• _Raw data_
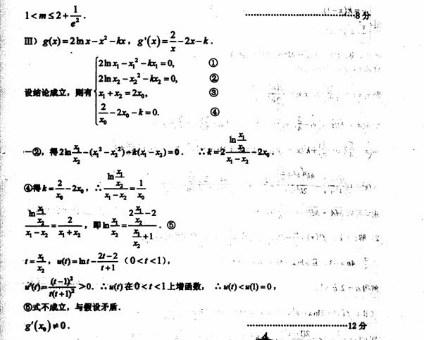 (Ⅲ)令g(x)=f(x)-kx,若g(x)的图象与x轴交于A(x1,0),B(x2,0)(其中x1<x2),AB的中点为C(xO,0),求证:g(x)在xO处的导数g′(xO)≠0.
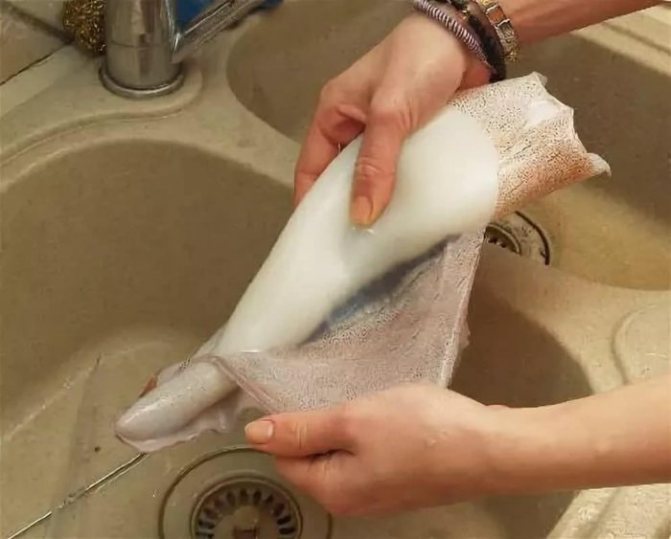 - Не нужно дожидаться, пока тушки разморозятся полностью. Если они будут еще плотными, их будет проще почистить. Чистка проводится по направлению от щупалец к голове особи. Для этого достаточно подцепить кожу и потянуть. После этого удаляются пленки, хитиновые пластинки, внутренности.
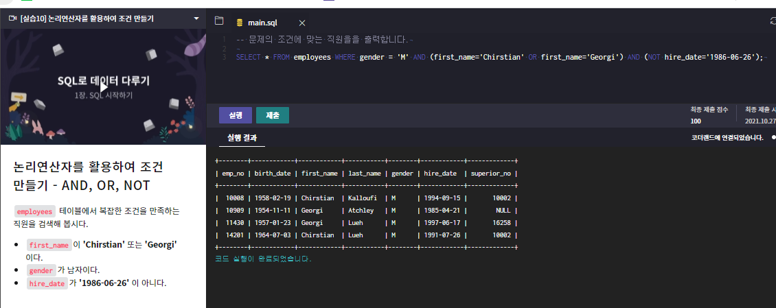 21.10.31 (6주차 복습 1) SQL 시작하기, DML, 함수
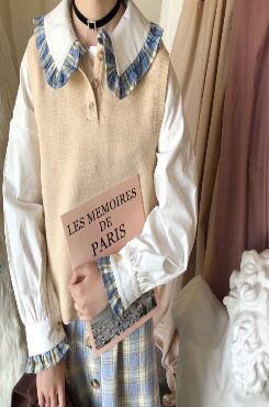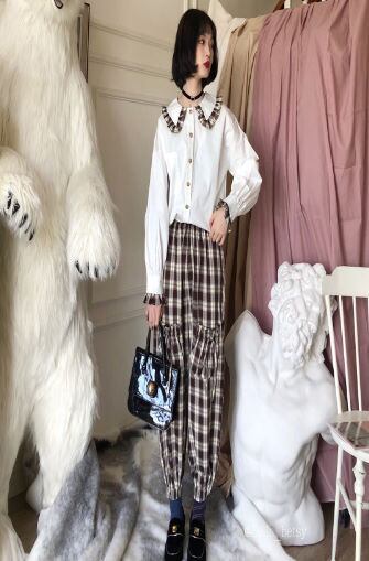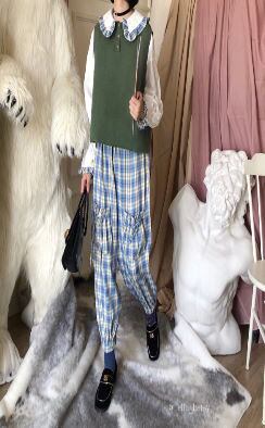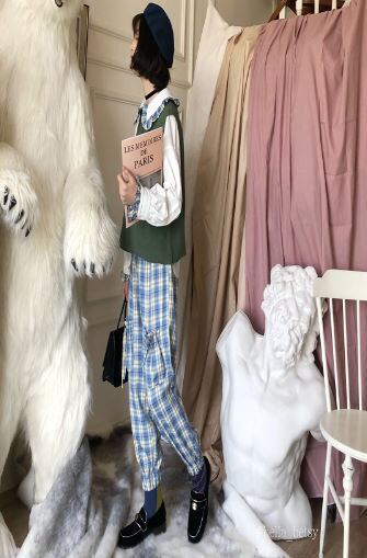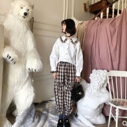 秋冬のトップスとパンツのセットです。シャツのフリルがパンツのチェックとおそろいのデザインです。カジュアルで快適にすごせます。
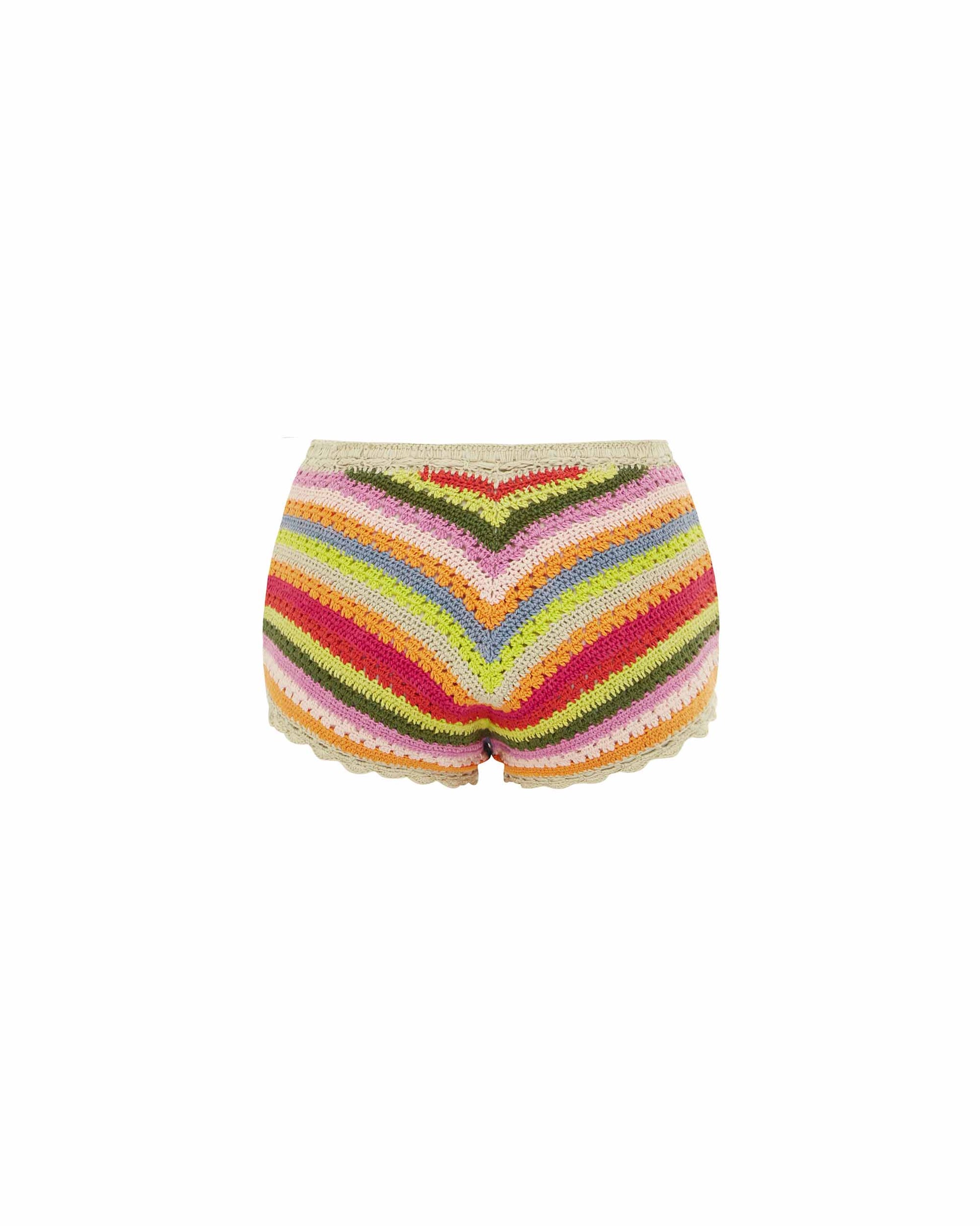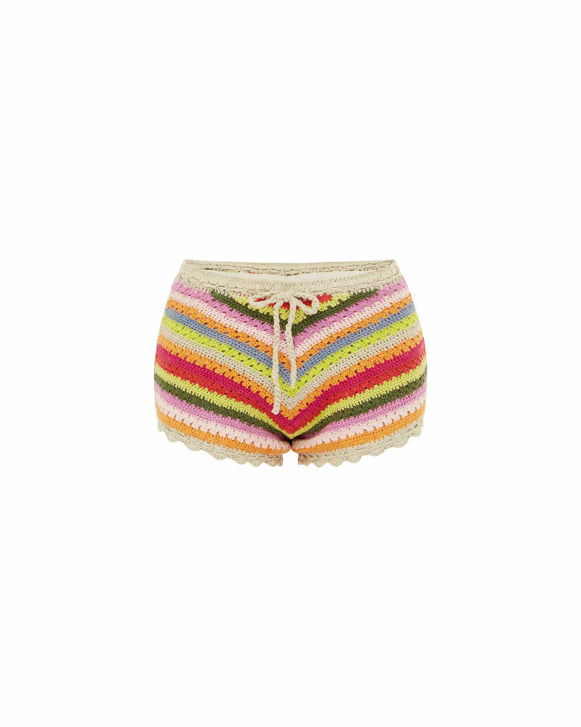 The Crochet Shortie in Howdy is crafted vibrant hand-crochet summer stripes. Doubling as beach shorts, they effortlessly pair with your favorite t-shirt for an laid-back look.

• _Aim of the exercise_
Please reproduce all the material exactly. Pictures stay out of the copy.

• _Exercise response_
 (Ⅲ)令g(x)=f(x)-kx,若g(x)的图象与x轴交于A(x1,0),B(x2,0)(其中x1<x2),AB的中点为C(xO,0),求证:g(x)在xO处的导数g′(xO)≠0.
 - Не нужно дожидаться, пока тушки разморозятся полностью. Если они будут еще плотными, их будет проще почистить. Чистка проводится по направлению от щупалец к голове особи. Для этого достаточно подцепить кожу и потянуть. После этого удаляются пленки, хитиновые пластинки, внутренности.
 21.10.31 (6주차 복습 1) SQL 시작하기, DML, 함수
 秋冬のトップスとパンツのセットです。シャツのフリルがパンツのチェックとおそろいのデザインです。カジュアルで快適にすごせます。
 The Crochet Shortie in Howdy is crafted vibrant hand-crochet summer stripes. Doubling as beach shorts, they effortlessly pair with your favorite t-shirt for an laid-back look.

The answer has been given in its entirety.